There are times when the hours pass at the hospital and I watch the other patients who are my silent peers in this frightful contract. All kinds of people sit facing the blinking appointments monitor, little children in strollers, young women with their knees pressed together and shoulders hunched, old men gazing about bewildered, and overweight businessmen who fold their arms and shake one knee, still defying vulnerability. If I stare alert and don’t allow myself to slip into the stupor that the stuffy air ought to cause, I see the shadows hovering behind these people, claiming them. One afternoon an old man who had lost his eyesight recently stood ramrod still in one corner of the lobby while his wife carried out the responsibilities of getting him through the check up. He stood as if facing me, his eyes hidden by dark sunglasses. It was disconcerting because he almost seemed to face me directly, but his eyes seemed to face away just off to the side. As I sat gazing at him more and more the sink hole of empathy shuddered through me as I came to understand that he could be me, especially if I don’t take care of myself. The prospect of losing my eyesight, a very real and common verdict for people with diabetes (I hate the word “diabetics”, as if we are some kind of pariah or an impersonation of the disease itself), knocked me over the head and shook me awake. And this kind of awakening happens every time I go to the hospital; just yesterday a trio of elderly women sat beside me discussing their diabetes, like gossip over the garden wall. One of them said, with a finality that hushed them all up, “You really have to be careful. If you lose your eyesight then you’re really in trouble. I mean really in trouble!”
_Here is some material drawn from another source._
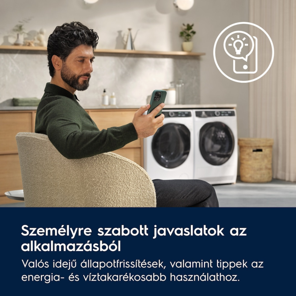 A SteamCare mosógép gyorsan felfrissíti akár a kényes ruhákat is, amelyeket nem kell feltétlenül kimosni. A gőz csökkenti a gyűrődéseket és eltávolítja a szagokat. A 25 perces SteamRefresh program ideális a finom holmik felfrissítéséhez. Ráadásul kevesebb vizet használ, mint egy hagyományos mosóprogram. A 69 perces QuickCare egy gyors, hatékony, 30°C-os program pamut és szintetikus ruhákból álló vegyes töltetek mosásához. Párosítsa készülékét az Electrolux alkalmazással, hogy azon keresztül is irányíthassa. Emellett látni fogja a valós idejű állapotfrissítéseket, valamint tippeket kap mosási szokásai alapján az energia- és víztakarékosabb használathoz. A Care dobban a ruhák simán csúsznak a dob felszínéből kiemelkedő párnaszerű mintázaton és az újratervezett átemelőkön. A dob különleges mintázatának köszönhetően még kíméletesebb a ruhák mosása.

All this may sound macabre and morose, but in actuality it keeps you on your toes. Almost every person with diabetes that I’ve met who manages a well-balanced control of their blood sugar, gets regular exercise, and has stress lowered, seems to be correspondingly energetic and cheerful. Just look at the famous people with diabetes: Halle Berry, Mary Tyler Moore, Jerry Mathers of “Leave It To Beaver”… they all project this. Perhaps it has something partly to do with daily turning around and facing the possibility of death and not running away. It is like a Buddhist koan, an intimate comprehension of the ending of things right there a finger’s breadth away. And with the recognition of this ending, a converse eye opening to the breath of life. You can’t help but live awake and full if you face the reality of being snuffed out. Diabetes helps to remind you that, as Buckminster Fuller mused, “I seem to be a verb”. This body, doing all these unconventional misdemeanors, occupies space as a swarm of ideas, even the sensation of physicality but a synapse of one idea relating its theorem to another idea. Sitting in the midst of that swarm is the globule of the self, like an astronaut, drifting like light through the aether. You have to harness the gist of who you are and feed it with reminders of its own ephemerality, to rein it in and determine how the life you have been given, but a mere gesture, is to be lived. Reminders, although they can be scary, are good. They scoot the pebble across the pavement.

On the twenty minute walk from Shin Okubo station near the hospital to the hospital, I often pass a wizened old homeless woman huddled on the sidewalk. She never looks up and usually barely moves. Her clothes and skin are always dark with filth and drool often slips down the side of her lips. One time I found her passed out on the verge of the street, cars passing just an arm’s length away from her head. No one passing by made a move to help her. Since there was a police box a minute away I ran over there and told the officer in charge about the old woman. He laughed, as if she was a common problem, and told me that he would send someone over. I wrestled with going back to see that she was taken care of or rushing on to my hospital appointment. I decided to get to the hospital appointment, but to this day I feel I missed an opportunity of squarely facing life, of relating my experiences in the hospital and with the quirks of diabetes to the reality of a little old woman whose inability to rise to the challenge of her daily brushes with death. It is a bridge that crosses a vast, but incremental gap; and if I can but cross that bridge I will have discovered the very justification for such a disease as diabetes.